Turbocharged and supercharged engines may be configured to compress ambient air entering the engine in order to increase power. Compression of the air may cause an increase in air temperature, thus, a charge air cooler (CAC) may be utilized to cool the heated air thereby increasing its density and further increasing the potential power of the engine. Condensate may form in the CAC when the ambient air temperature decreases, or during humid or rainy weather conditions, where the intake air is cooled below the water dew point. Condensate may collect at the bottom of the CAC, or in the internal passages, and cooling turbulators. When torque is increased, such as during acceleration, increased mass air flow may strip the condensate from the CAC, drawing it into the engine and increasing the likelihood of engine misfire and combustion instability.
One approach to address condensate formation in the CAC may involve using warm or heated intake air. Heated intake air may increase the temperature of the charge air entering the CAC. By increasing the charge air temperature at the CAC inlet, the air traveling through the CAC may be further away from the condensation point, reducing the amount of condensation and engine misfire. However, warmer intake air may increase the temperature of the air entering the engine intake manifold and result in increased knock during warmer engine operating conditions.
In one example, this apparent paradox may be addressed by a method for adjusting a fresh air source position of intake air responsive to a condition of a charge air cooler. For example, by adjusting the position of an induction valve, warmer air or cooler air may be drawn into the induction system. The adjusting may be responsive to operating conditions in order to concurrently address warm-up operation, condensate formation, and potential for engine knock. For example, when an amount of condensate in the CAC is above a threshold level and/or engine temperature is below a threshold temperature, the induction valve may be adjusted into a first position to draw in warm intake air. In another example, when spark timing is within a threshold of a borderline knock limit, the induction valve may be adjusted into a second position to draw in cooler intake air.

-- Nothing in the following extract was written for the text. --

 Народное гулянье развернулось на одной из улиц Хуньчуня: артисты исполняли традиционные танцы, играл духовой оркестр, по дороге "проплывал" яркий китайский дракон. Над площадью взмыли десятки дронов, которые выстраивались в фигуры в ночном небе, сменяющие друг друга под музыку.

In this way, fuel economy losses and condensate formation in the CAC may be reduced. For example, in response to increased condensate formation, warmer intake air may be used to increase the temperature of the air entering the CAC. Thus, the air traveling through the CAC may be further away from the condensation point, reducing the amount of condensate that forms. Additionally, in response to a lower engine temperature, warmer intake air may be used to accelerate engine warm-up during a cold start (e.g., increase engine temperature) and reduce pumping losses. By reducing pumping losses, fuel economy may be increased. Warmer intake air may also increase the temperature of an intake throttle body, reducing throttle body icing. Alternatively, in response to an engine knock indication, cooler intake air may be used to adjust a borderline knock limit. The engine knock indication may include whether spark timing is within a threshold of a borderline limit. When spark retard nears the borderline knock limit, fuel economy losses may increase. Thus, cooler intake air may reduce these losses and increase fuel economy.

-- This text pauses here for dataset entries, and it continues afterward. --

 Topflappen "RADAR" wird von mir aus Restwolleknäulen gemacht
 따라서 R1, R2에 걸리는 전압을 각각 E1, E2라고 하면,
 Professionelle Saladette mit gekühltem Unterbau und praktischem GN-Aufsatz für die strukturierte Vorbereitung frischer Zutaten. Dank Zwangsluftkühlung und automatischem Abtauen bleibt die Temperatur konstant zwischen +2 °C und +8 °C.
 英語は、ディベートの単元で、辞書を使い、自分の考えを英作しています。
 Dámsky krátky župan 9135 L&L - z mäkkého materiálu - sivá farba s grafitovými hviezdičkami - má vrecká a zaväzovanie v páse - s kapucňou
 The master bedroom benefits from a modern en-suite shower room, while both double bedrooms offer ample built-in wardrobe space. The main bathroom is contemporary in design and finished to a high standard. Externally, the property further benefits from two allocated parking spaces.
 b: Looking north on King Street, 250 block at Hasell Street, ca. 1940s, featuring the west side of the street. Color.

It should be understood that the summary above is provided to introduce in simplified form a selection of concepts that are further described in the detailed description. It is not meant to identify key or essential features of the claimed subject matter, the scope of which is defined uniquely by the claims that follow the detailed description. Furthermore, the claimed subject matter is not limited to implementations that solve any disadvantages noted above or in any part of this disclosure.